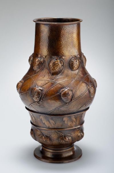 The round, jointed foot supports a slim stem that holds the bulging body of a slimmer neck. The stem is divided with two rings, decorated with pattern lines of strawberries and strawberry leaves. They are surmounted by a curving, symmetrically arranged ornament of fruits with bent stems. The base and the surface of each motif are differently decorated. A piece of identical shape and decoration was exhibited at the 1900 Christmas exhibition of the Society for Applied Arts, its ill. published in Magyar Iparművészet Vol.4, 1901, p.69.
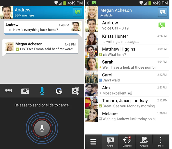 Disponible sur les téléphones Blackberry, le nouveau BBM est aussi proposé sur Android et sur iOS, avec une série de fonctionnalités qui pourraient convaincre ceux qui cherchent une alternative intéressante à Skype, mais également les jeunes qui utilisent davantage WhatsApp, Facebook ou Google Hangouts.
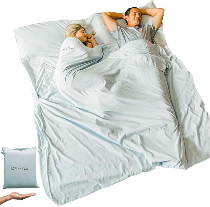 - 𝐋𝐨𝐧𝐠-𝐥𝐚𝐬𝐭𝐢𝐧𝐠 𝐃𝐞𝐬𝐢𝐠𝐧 - Ever had to endure sleeping on a questionable bed while traveling? The sleep sack for adults are the perfect way to stay safe and clean in RVs as RV bedding, in vacation rentals on a queen size travel bed, inside a 2 person sleeping bag liner while camping & more! This double sleeping bag liner is a queen size which can fit 2 adults, has double openings, is super lightweight, & easy to clean in the wash.
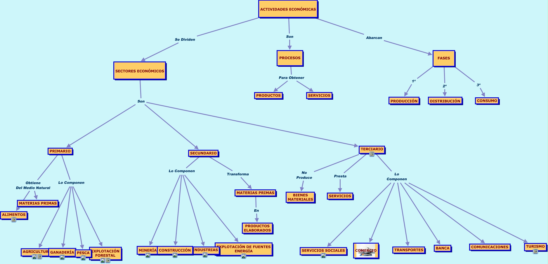 Este Cmap, tiene información relacionada con: actividades_economicas, SECUNDARIO Lo Componen MINERÍA, FASES 1ª PRODUCCIÓN, TERCIARIO Lo Componen BANCA, PRIMARIO Lo Componen PESCA, SECTORES ECONÓMICOS Son PRIMARIO, SECTORES ECONÓMICOS Son TERCIARIO, ACTIVIDADES ECONÓMICAS Se Dividen SECTORES ECONÓMICOS, PROCESOS Para Obtener SERVICIOS, PRIMARIO Lo Componen GANADERÍA, TERCIARIO Lo Componen TURISMO, SECUNDARIO Transforma MATERIAS PRIMAS, SECUNDARIO Lo Componen INDUSTRIAS, TERCIARIO Lo Componen COMERCIO, ACTIVIDADES ECONÓMICAS Son PROCESOS, MATERIAS PRIMAS En PRODUCTOS ELABORADOS, PRIMARIO Obtiene Del Medio Natural ALIMENTOS, PRIMARIO Lo Componen EXPLOTACIÓN FORESTAL, FASES 3ª CONSUMO, SECUNDARIO Lo Componen CONSTRUCCIÓN, TERCIARIO Lo Componen SERVICIOS SOCIALES
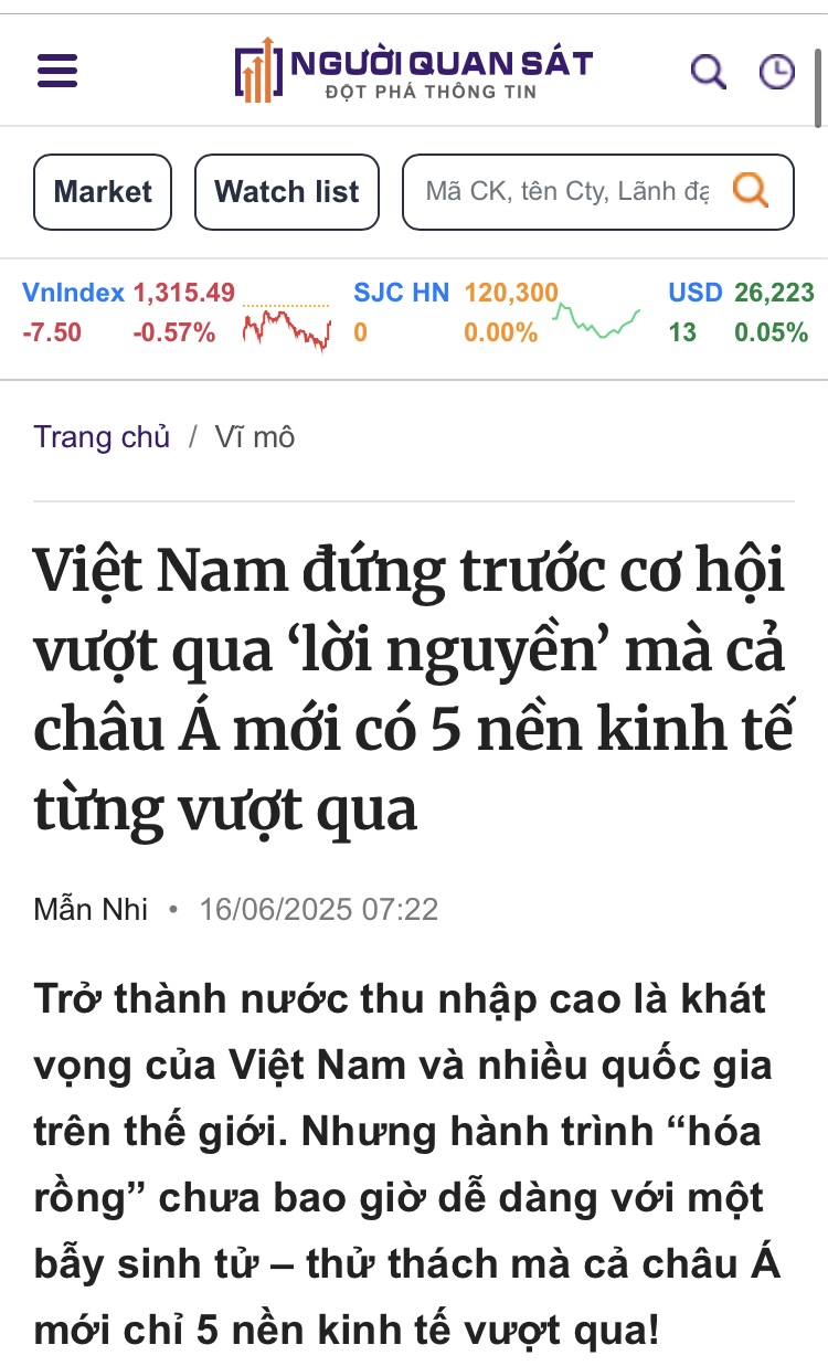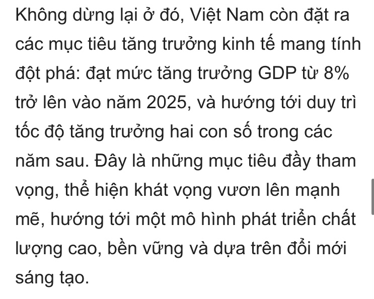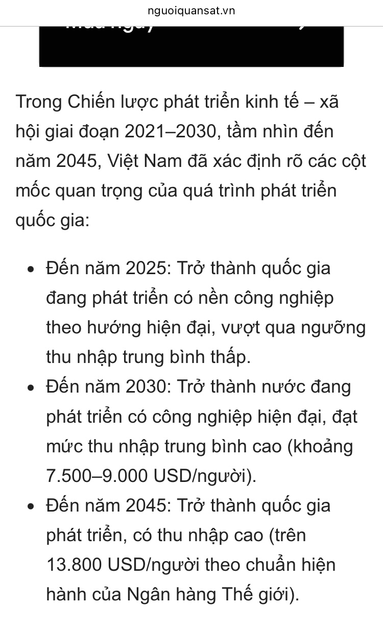 VN rõ ràng đang tham vọng trở thành nước thứ 6 ở châu Á. Chúng ta cứ tin tưởng vậy đi, Vam là rất lạc quan với tầm nhìn chiến lược của CP VN từ 2025 đến 2045
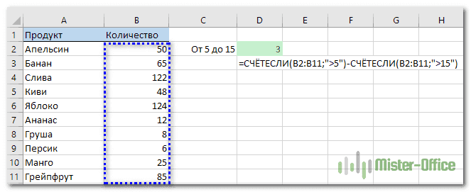 =СЧЁТЕСЛИ(B2:B11;»>5″)-СЧЁТЕСЛИ(B2:B11;»>15″)
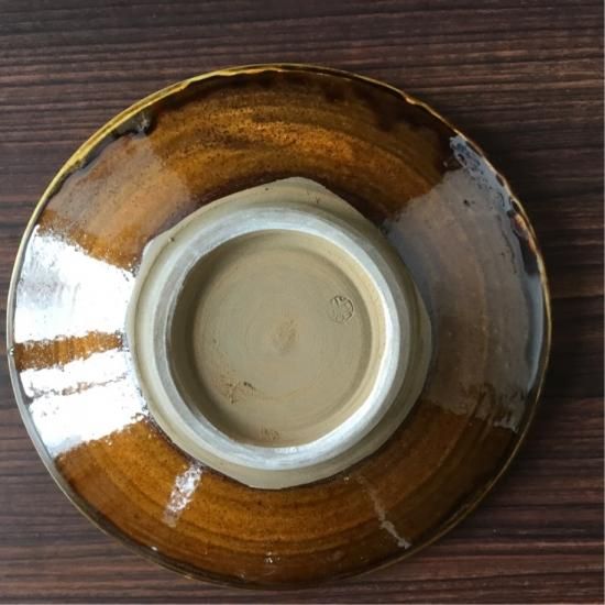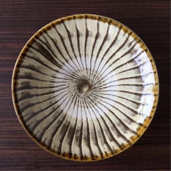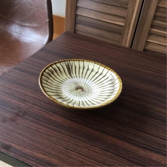 はけめにフチが茶色の釉薬のついているお皿です。ベーシックなので飽きが来なく、ながくお使いいただけると思います。裏は格好良く表は白地が優しくミルキーでとても素敵な仕上がりです。
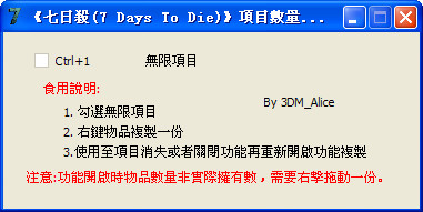 开啟功能后,物品数字变為999(实际数非999)请不要直接使用物品。右击需要复製的物品,拖动一份到其他格子,关闭功能。物品实现999数量。不关闭功能也可以,不过物品数量则為499(但是显示999)使用至消失后再右击物品复製即可。切记,让背包里拥有两个格子相同的物品避免物品使用完。
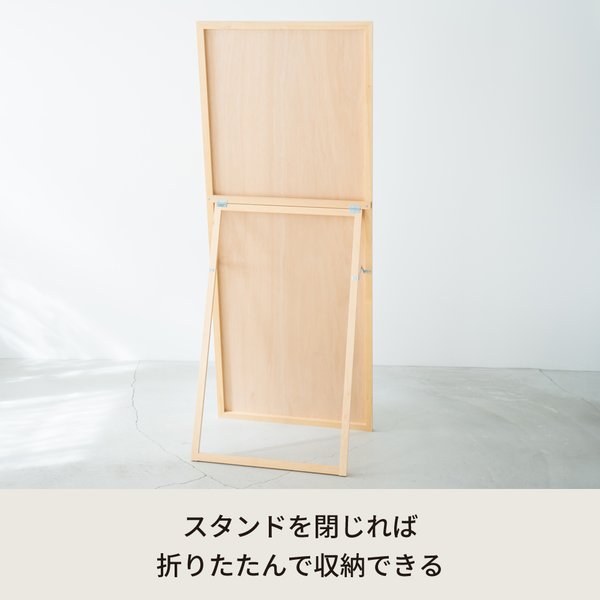 細枠スタンドミラー () 天然木/姿見鏡/ワイド/高級感/木製/飛散防止加工/折りたたみ/北欧風/日本製/完成品/NK-4
★ ★ ★ ★ ★
TASK TO COMPLETE: Type out the entries again without a single change, and leave the pictures out.

EXERCISE SOLUTION:
 The round, jointed foot supports a slim stem that holds the bulging body of a slimmer neck. The stem is divided with two rings, decorated with pattern lines of strawberries and strawberry leaves. They are surmounted by a curving, symmetrically arranged ornament of fruits with bent stems. The base and the surface of each motif are differently decorated. A piece of identical shape and decoration was exhibited at the 1900 Christmas exhibition of the Society for Applied Arts, its ill. published in Magyar Iparművészet Vol.4, 1901, p.69.
 Disponible sur les téléphones Blackberry, le nouveau BBM est aussi proposé sur Android et sur iOS, avec une série de fonctionnalités qui pourraient convaincre ceux qui cherchent une alternative intéressante à Skype, mais également les jeunes qui utilisent davantage WhatsApp, Facebook ou Google Hangouts.
 - 𝐋𝐨𝐧𝐠-𝐥𝐚𝐬𝐭𝐢𝐧𝐠 𝐃𝐞𝐬𝐢𝐠𝐧 - Ever had to endure sleeping on a questionable bed while traveling? The sleep sack for adults are the perfect way to stay safe and clean in RVs as RV bedding, in vacation rentals on a queen size travel bed, inside a 2 person sleeping bag liner while camping & more! This double sleeping bag liner is a queen size which can fit 2 adults, has double openings, is super lightweight, & easy to clean in the wash.
 Este Cmap, tiene información relacionada con: actividades_economicas, SECUNDARIO Lo Componen MINERÍA, FASES 1ª PRODUCCIÓN, TERCIARIO Lo Componen BANCA, PRIMARIO Lo Componen PESCA, SECTORES ECONÓMICOS Son PRIMARIO, SECTORES ECONÓMICOS Son TERCIARIO, ACTIVIDADES ECONÓMICAS Se Dividen SECTORES ECONÓMICOS, PROCESOS Para Obtener SERVICIOS, PRIMARIO Lo Componen GANADERÍA, TERCIARIO Lo Componen TURISMO, SECUNDARIO Transforma MATERIAS PRIMAS, SECUNDARIO Lo Componen INDUSTRIAS, TERCIARIO Lo Componen COMERCIO, ACTIVIDADES ECONÓMICAS Son PROCESOS, MATERIAS PRIMAS En PRODUCTOS ELABORADOS, PRIMARIO Obtiene Del Medio Natural ALIMENTOS, PRIMARIO Lo Componen EXPLOTACIÓN FORESTAL, FASES 3ª CONSUMO, SECUNDARIO Lo Componen CONSTRUCCIÓN, TERCIARIO Lo Componen SERVICIOS SOCIALES
 VN rõ ràng đang tham vọng trở thành nước thứ 6 ở châu Á. Chúng ta cứ tin tưởng vậy đi, Vam là rất lạc quan với tầm nhìn chiến lược của CP VN từ 2025 đến 2045
 =СЧЁТЕСЛИ(B2:B11;»>5″)-СЧЁТЕСЛИ(B2:B11;»>15″)
 はけめにフチが茶色の釉薬のついているお皿です。ベーシックなので飽きが来なく、ながくお使いいただけると思います。裏は格好良く表は白地が優しくミルキーでとても素敵な仕上がりです。
 开啟功能后,物品数字变為999(实际数非999)请不要直接使用物品。右击需要复製的物品,拖动一份到其他格子,关闭功能。物品实现999数量。不关闭功能也可以,不过物品数量则為499(但是显示999)使用至消失后再右击物品复製即可。切记,让背包里拥有两个格子相同的物品避免物品使用完。
 細枠スタンドミラー () 天然木/姿見鏡/ワイド/高級感/木製/飛散防止加工/折りたたみ/北欧風/日本製/完成品/NK-4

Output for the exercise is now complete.